Philippe Maxence
Baden-Powell

Paris – Ed. Perrin – 2016 – 500 p.

L’essor rapidement mondial du scoutisme, sa compatibilité avec les contextes socioculturels et socio-éducatifs les plus variés et sa vitalité qui demeure depuis plus d’un siècle justifient de se demander à quoi cela est dû. C’est la question que l’on se pose à nouveau à l’occasion de la parution de ce volumineux ouvrage. Comment expliquer le paradoxe d’un mouvement de jeunesse qui résiste au bouleversement de nos sociétés ?

Si ce n’est pas explicitement à cette question qu’il répond, du moins M. Maxence ne manque-t-il pas de l’éclairer par cette approche biographique très informée, approfondie et minutieuse, qui reconstitue dans le détail la vie de Baden-Powell, tout en signalant au fil des pages les traits et les valeurs qui préfigurent ceux que devait bientôt promouvoir le scoutisme. « Sa scolarité est médiocre » (p.581),et déjà émergeait un certain anti-intellectualisme, que la suite confirmera. A défaut, « il progresse au football » (p.57)… et se découvre de plus en plus homme d’action, voire hyperactif. Cela autorise à dire que, « avant d’être une pédagogie écrite et formalisée, le scoutisme a été vécu par son fondateur » (p. 64). Adulte, il entre dans l’armée et devient officier, ce qui l’amène à de nombreux séjours outre-mer, spécialement, en Inde et en Afrique du Sud, et à alterner les périodes monotones de la vie de garnison -dont il se distrait par la chasse au sanglier- et les épisodes de combat, vu les guerres coloniales que menait alors la Grande-Bretagne. Du moins critique-t-il la discipline imposée et « l’encadrement militaire » (p.122) ;Mais, fort de batailles qui lui assurent du prestige ; Il est promu général à 43 ans et, en 1903, est nommé Inspecteur Général de la Cavalerie.

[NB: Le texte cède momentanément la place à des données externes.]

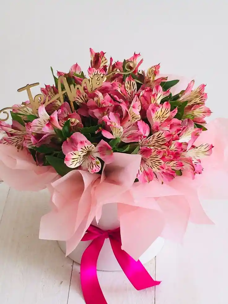 Caja de 2 paquetes de astromelia rosada Nota: La flor puede ser sustituida dependiendo la disponibilidad de color y del producto “Mensaje Personalizado” máximo de 30 caracteres (Dejar el mensaje en el chat, los comentarios no se previsualizan para la tienda por lo que si se dejan allí no podrá ser incluido).

A la page 289 de l’ouvrage, on arrive à la seconde  période de sa vie , celle qui est marquée par la fondation et le développement du scoutisme ; en 1906, il entreprend la rédaction d’un ouvrage, vite devenu célèbre, sur l’éducation des garçons par le scoutisme, et, en mai 1907, il se risque à abandonner ses fonctions dans l’armée pour se consacrer exclusivement à la direction et à l’animation du mouvement, dont le fameux camp inaugural allant vérifier et valider la formule. Il s’agit alors désormais, pour lui, de veiller à une unité d’inspiration et de pensée que pouvaient néanmoins compromettre dissidences, jalousies, rivalités et contre-sens. Il s’agit notamment de réagir aux tentations -ou aux accusations- de militarisme et aux « exercices abêtissants »(p. 320)que préconisent, notamment, les régimes totalitaires. Ce sont sa résolution, sa fermeté, son autorité propre qui permettent de sauver l’idéal d’une « virilité chrétienne » (p.284)vécue au quotidien, et pas seulement « professée le dimanche » (p.360).

Au terme de la lecture, on ne peut qu’admirer l’érudition de M. Maxence et sa méticuleuse restitution d’une histoire dense et complexe. Les annexes, le glossaire et la bibliographique de et sur Baden-Powell seront aussi justement appréciés : l’information ainsi réunie favorisera la compréhension de ce phénomène social que constitue le scoutisme. Force est cependant de regretter  l’absence d’une reconstitution de sa pédagogie. Si ses traits majeurs ont été identifiés et signalés, aucune synthèse n’en est esquissée. Et pourtant, toutes les données requises sont présentes : ce mouvement procède d’une axiologie originale, d’une anthropologie qui ne l’est pas moins et d’une inventivité spectaculaire. On aimerait aussi voir étudier ses liens avec les théoriciens de l’Education Nouvelle, comme avec les Eglises. Et il serait souhaitable de préciser également dans quelle mesure et en quel sens il s’agit d’une pédagogie chrétienne.